— Exercise —
Below are the records; copy exactly the stretch from the line containing "c) Muốn ampe" through the line containing "Cùng tham khảo", both ends included, and nothing else.

— Given records —
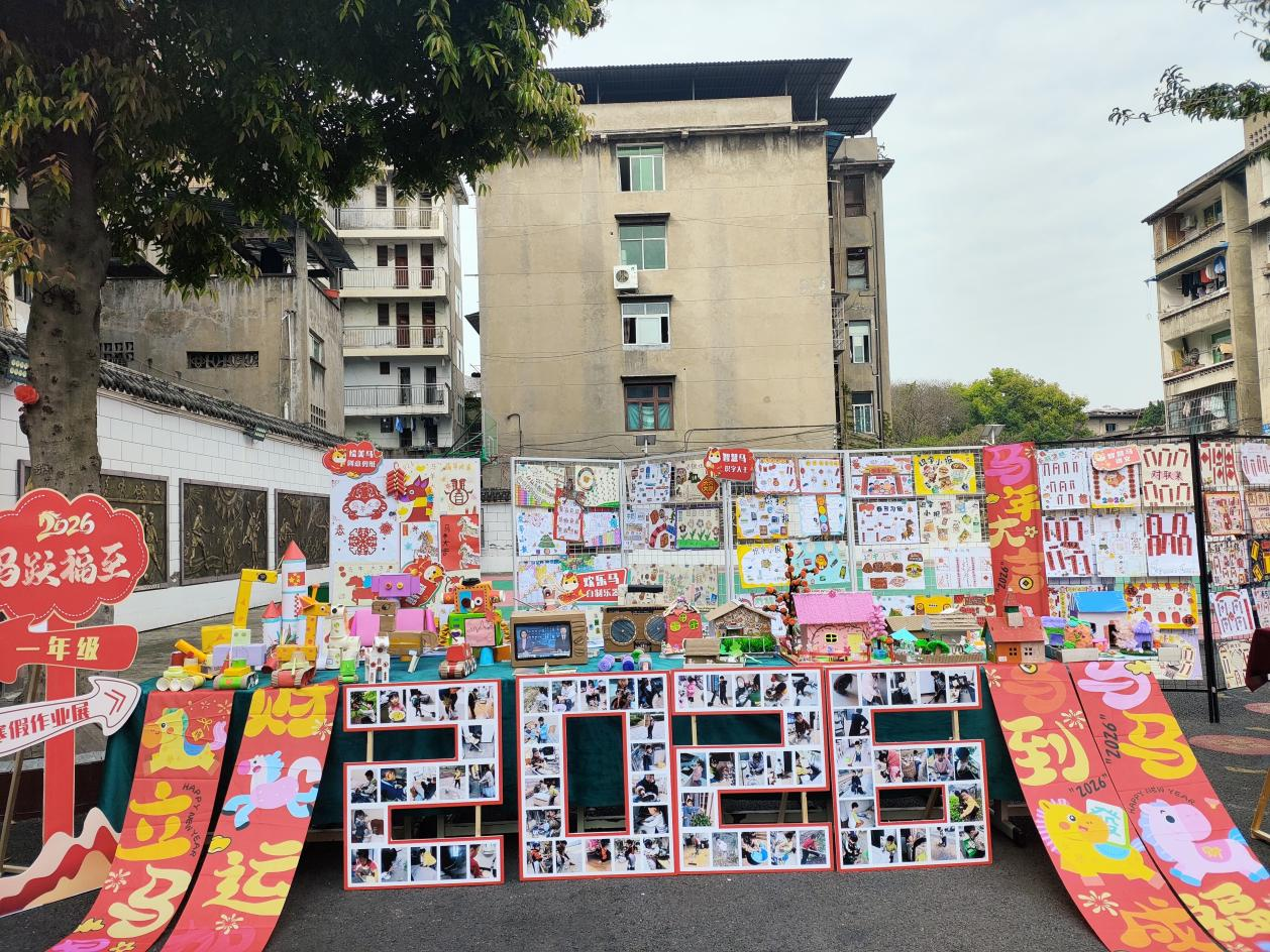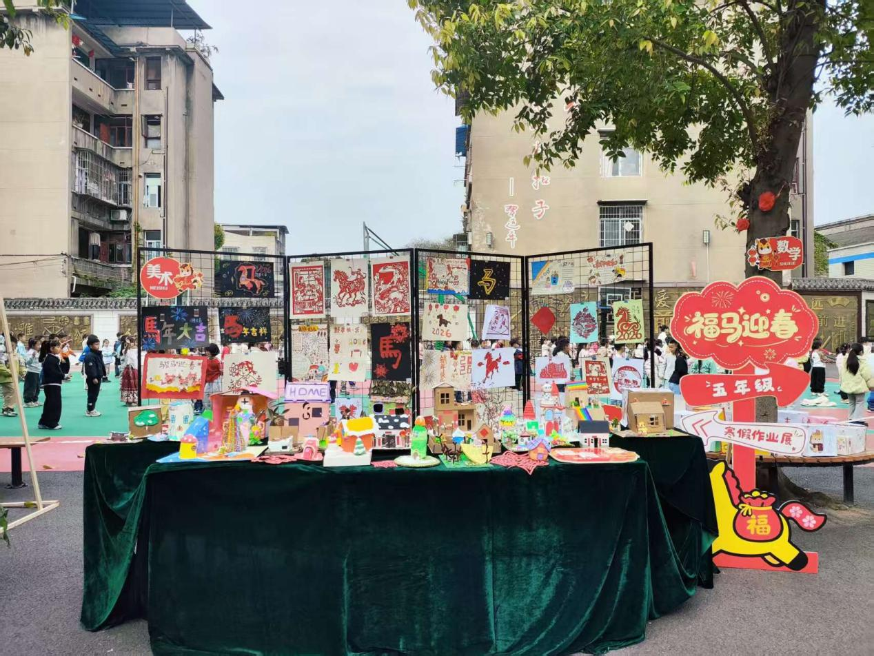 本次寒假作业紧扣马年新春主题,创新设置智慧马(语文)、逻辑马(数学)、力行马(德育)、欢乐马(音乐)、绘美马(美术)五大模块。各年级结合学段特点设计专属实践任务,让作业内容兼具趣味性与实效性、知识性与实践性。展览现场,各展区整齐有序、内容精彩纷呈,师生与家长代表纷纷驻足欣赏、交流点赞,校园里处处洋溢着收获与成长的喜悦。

---

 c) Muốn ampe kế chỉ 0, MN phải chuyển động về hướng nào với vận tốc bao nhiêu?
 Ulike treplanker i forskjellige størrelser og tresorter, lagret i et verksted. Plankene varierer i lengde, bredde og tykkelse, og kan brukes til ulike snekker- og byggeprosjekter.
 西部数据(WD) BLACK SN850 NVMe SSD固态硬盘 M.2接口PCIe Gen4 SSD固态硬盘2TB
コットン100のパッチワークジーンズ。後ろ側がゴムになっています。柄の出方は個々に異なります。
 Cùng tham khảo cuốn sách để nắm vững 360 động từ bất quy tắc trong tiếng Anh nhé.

— Exercise response —
 c) Muốn ampe kế chỉ 0, MN phải chuyển động về hướng nào với vận tốc bao nhiêu?
 Ulike treplanker i forskjellige størrelser og tresorter, lagret i et verksted. Plankene varierer i lengde, bredde og tykkelse, og kan brukes til ulike snekker- og byggeprosjekter.
 西部数据(WD) BLACK SN850 NVMe SSD固态硬盘 M.2接口PCIe Gen4 SSD固态硬盘2TB
コットン100のパッチワークジーンズ。後ろ側がゴムになっています。柄の出方は個々に異なります。
 Cùng tham khảo cuốn sách để nắm vững 360 động từ bất quy tắc trong tiếng Anh nhé.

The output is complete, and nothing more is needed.